EXERCISE GOAL: What lines in the data below mention the string "that"? Copy them out.

Stored items:
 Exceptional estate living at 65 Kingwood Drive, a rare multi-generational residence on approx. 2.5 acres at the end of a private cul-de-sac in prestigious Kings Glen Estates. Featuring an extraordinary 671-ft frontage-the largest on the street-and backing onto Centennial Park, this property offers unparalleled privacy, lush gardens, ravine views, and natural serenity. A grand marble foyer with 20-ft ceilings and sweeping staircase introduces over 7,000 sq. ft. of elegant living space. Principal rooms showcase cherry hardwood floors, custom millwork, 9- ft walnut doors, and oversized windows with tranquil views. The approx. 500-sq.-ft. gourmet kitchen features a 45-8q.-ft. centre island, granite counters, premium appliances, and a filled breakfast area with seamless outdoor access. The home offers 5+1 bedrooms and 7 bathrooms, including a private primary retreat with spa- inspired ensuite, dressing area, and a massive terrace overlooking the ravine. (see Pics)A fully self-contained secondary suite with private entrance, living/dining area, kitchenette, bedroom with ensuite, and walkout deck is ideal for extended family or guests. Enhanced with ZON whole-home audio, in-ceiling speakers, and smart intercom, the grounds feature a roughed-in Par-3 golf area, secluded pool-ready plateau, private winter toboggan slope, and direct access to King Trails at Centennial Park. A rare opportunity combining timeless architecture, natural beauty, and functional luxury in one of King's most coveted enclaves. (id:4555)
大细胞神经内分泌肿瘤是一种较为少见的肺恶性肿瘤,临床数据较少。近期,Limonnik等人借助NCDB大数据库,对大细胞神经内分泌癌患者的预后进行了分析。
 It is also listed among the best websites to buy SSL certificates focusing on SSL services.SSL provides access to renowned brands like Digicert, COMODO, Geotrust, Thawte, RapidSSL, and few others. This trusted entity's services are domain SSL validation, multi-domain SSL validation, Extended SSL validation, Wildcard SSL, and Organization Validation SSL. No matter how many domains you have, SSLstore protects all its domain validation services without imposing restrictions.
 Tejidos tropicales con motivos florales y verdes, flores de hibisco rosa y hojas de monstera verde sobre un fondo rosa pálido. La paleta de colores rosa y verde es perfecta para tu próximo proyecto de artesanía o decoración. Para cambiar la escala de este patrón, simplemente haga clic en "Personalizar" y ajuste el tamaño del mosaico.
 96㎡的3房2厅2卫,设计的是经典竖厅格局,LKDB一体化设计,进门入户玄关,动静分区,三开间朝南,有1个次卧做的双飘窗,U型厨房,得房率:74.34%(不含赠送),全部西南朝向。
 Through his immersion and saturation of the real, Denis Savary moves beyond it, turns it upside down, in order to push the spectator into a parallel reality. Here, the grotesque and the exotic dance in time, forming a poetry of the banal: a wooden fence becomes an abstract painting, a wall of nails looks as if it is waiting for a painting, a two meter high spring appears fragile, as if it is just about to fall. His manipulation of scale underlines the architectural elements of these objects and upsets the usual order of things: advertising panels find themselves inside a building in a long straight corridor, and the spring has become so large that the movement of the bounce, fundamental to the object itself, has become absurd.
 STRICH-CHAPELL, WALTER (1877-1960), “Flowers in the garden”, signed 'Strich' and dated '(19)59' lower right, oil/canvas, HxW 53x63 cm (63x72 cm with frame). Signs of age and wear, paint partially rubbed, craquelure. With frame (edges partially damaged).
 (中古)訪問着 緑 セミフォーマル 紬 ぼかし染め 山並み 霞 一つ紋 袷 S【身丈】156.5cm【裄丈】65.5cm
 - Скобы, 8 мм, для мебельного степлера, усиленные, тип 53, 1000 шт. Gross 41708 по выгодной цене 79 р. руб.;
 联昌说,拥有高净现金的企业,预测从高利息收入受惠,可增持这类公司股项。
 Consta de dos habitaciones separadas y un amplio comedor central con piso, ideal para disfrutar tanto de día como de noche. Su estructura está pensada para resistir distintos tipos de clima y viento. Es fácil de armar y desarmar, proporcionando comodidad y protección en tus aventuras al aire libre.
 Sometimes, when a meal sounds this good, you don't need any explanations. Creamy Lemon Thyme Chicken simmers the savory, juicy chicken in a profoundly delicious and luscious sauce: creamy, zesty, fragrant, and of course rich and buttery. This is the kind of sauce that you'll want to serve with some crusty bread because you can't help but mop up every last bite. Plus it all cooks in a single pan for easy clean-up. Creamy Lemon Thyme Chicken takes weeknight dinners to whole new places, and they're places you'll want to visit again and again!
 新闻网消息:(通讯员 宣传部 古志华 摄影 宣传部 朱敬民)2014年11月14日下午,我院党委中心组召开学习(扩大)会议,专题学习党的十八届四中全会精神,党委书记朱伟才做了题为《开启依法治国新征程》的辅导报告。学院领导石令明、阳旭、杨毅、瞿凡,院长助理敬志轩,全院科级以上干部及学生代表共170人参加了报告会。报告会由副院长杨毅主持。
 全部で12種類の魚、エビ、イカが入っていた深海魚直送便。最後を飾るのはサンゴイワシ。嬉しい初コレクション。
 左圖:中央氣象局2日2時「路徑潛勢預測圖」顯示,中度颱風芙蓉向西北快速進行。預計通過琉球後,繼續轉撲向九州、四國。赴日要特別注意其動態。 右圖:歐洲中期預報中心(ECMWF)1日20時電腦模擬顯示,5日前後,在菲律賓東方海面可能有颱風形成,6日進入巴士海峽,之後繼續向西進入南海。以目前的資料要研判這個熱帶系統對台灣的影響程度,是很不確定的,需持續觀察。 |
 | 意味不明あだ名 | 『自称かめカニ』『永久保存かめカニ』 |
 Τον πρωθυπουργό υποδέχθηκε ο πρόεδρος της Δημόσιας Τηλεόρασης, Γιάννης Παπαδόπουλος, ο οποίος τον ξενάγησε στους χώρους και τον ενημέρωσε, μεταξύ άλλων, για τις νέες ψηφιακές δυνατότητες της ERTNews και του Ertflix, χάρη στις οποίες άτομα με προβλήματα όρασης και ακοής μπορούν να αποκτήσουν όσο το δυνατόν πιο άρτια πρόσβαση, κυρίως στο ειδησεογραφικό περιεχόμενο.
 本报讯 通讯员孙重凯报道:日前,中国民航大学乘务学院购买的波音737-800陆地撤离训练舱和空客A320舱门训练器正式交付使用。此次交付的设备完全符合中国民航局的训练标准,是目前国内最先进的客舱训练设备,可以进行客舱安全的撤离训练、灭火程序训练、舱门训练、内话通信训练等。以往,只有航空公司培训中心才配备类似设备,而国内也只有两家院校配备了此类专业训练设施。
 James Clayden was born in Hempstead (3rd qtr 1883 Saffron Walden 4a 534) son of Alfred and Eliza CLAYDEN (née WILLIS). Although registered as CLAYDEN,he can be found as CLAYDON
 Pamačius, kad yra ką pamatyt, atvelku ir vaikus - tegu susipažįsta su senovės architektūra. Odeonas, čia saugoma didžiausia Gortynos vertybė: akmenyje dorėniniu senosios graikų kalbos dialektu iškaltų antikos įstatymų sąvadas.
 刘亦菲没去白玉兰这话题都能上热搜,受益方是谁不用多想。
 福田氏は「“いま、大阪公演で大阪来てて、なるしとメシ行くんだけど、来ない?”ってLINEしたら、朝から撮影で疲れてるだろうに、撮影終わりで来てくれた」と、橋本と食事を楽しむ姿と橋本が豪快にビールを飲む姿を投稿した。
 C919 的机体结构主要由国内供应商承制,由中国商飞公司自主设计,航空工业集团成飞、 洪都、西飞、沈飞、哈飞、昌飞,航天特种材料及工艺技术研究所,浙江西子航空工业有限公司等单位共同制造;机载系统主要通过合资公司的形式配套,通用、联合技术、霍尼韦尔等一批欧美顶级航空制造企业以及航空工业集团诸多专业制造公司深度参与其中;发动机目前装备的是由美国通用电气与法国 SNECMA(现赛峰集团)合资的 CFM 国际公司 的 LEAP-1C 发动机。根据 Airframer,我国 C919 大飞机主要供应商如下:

YOUR RESPONSE:
 Through his immersion and saturation of the real, Denis Savary moves beyond it, turns it upside down, in order to push the spectator into a parallel reality. Here, the grotesque and the exotic dance in time, forming a poetry of the banal: a wooden fence becomes an abstract painting, a wall of nails looks as if it is waiting for a painting, a two meter high spring appears fragile, as if it is just about to fall. His manipulation of scale underlines the architectural elements of these objects and upsets the usual order of things: advertising panels find themselves inside a building in a long straight corridor, and the spring has become so large that the movement of the bounce, fundamental to the object itself, has become absurd.
 Sometimes, when a meal sounds this good, you don't need any explanations. Creamy Lemon Thyme Chicken simmers the savory, juicy chicken in a profoundly delicious and luscious sauce: creamy, zesty, fragrant, and of course rich and buttery. This is the kind of sauce that you'll want to serve with some crusty bread because you can't help but mop up every last bite. Plus it all cooks in a single pan for easy clean-up. Creamy Lemon Thyme Chicken takes weeknight dinners to whole new places, and they're places you'll want to visit again and again!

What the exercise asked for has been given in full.